The disagreement between the preclinical observations and the primary care data presented here raises the possibility that any beneficial effect of VGSC-inhibiting medications on cancer progression may be masked by larger effects in the population. We previously postulated that estimation of a positive association may be affected by confounding by indication.29 VGSC-inhibiting medications are indicated primarily for epilepsy, but are also prescribed for other life-limiting conditions, including cardiac arrhythmias, ALS and neuropathic pain/painful neuropathy.5 6 31 41 Epilepsy patients have an elevated risk of death from all causes, including cancer, compared with the general population (standardised mortality ratio >2.2),30 55 56 possibly due to a poorer general health and/or social status.44 57 58 Adjustment for comorbidities and social deprivation had no effect on the relationship between exposure and reduced survival. In addition, several VGSC-inhibiting antiepileptic drugs, including carbamazepine and phenytoin, can induce activity of the hepatic cytochrome P450 isoenzyme system, which in turn metabolises certain chemotherapeutic agents, including camptothecin analogues, methotrexate, taxanes, teniposide and vinca alkaloids.59 60 Some VGSC inhibitors, including phenytoin, have also been shown to impact on immune function.61Alterations in bioavailability and efficacy of chemotherapeutic agents in the presence of VGSC inhibitors, as well as potential interactions with other treatments, should be studied further.
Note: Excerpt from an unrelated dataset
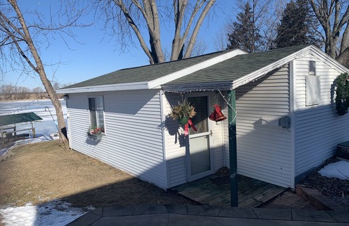 450sq ft studio cottage house on the fox river. Minutes from Omro, Winneconne, or Oshkosh. Boat launch one block away, dock outside your back patio door. King bed, twin trundles, and futon. Full kitchen with full size refrigerator. Perfect for a fisherman getaway..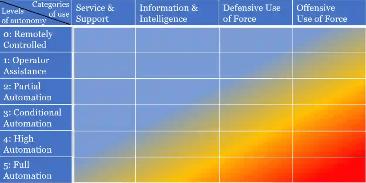 "杀手机器人 "的言论使公众对军事背景下的机器人和自主系统的看法变得狭隘,只认为是高度或完全自主的系统对武力的致命使用。实际上,RAS可以应用于许多军事功能和任务,每种功能都有不同程度的自主性(见图1)。机器人和自主系统的广泛军事适用性产生了许多巨大的机会。未来几年的挑战是如何充分利用这些机会,发挥军事优势的潜力,同时减轻所带来的风险。

The observation that non-VGSC-targeting anticonvulsants were associated with worse survival than VGSC-inhibiting anticonvulsants raises the possibility that VGSC inhibition may indeed be beneficial in this cohort of patients with cancer, thus indirectly supporting the preclinical hypothesis.9 Moreover, the improved cancer-specific survival of patients exposed to class 1c and 1d antiarrhythmics, which preferentially target the persistent Na+ current that is responsible for VGSC-dependent metastatic behaviour in preclinical models,11 14 37 further supports the notion that inhibition of these channels may be beneficial in the clinical setting. However, we cannot exclude the possibility that other confounders may exist between patients within these subgroups, for example, epilepsy or cardiac arrhythmia severity.

Conclusions

The unique positive association between antiarrhythmic drug prescriptions and improved survival may point to a specific beneficial effect of certain VGSC inhibitors with this indication, for example, ranolazine,14 21 and warrants further investigation. These results should be replicated in a study with robust cancer stage data, and an appropriately designed and controlled prospective clinical trial to establish the effect of VGSC inhibition on tumour progression. Such a trial would separate possible uncontrolled confounding from cancer-specific mortality and could also exploit emerging novel pathophysiological biomarkers of disease progression, for example, circulating tumour DNA and 23Na-MRI.

Supplementary Material

Reviewer comments
bmjopen-2022-064376.reviewer_comments.pdf (127.7KB, pdf)
Author's manuscript
bmjopen-2022-064376.draft_revisions.pdf (3.1MB, pdf)

Acknowledgments

The authors acknowledge the Medical Research Council and the Wellcome Trust for funding this study.

Footnotes

Twitter: @narodmit, @WJBrackenbury

Correction notice: This article has been corrected since it was first published. The author's name 'William J Brackenbury' and his affiliation have been updated.

Contributors: CF, TD and WJB had the original idea for this study. CF conducted the analysis under supervision of TD and WJB. CF, TD and WJB wrote the draft of the manuscript. IW, FM and MB contributed to the development of the idea, the study design, interpretation of the findings and revising the manuscript. All authors approved the final submitted version of the manuscript.

Funding: This work was supported by the Medical Research Council (G1000508) and Wellcome Trust through the Centre for Future Health at the University of York (award number not available).

Competing interests: None declared.

Patient and public involvement: Patients and/or the public were not involved in the design, or conduct, or reporting, or dissemination plans of this research.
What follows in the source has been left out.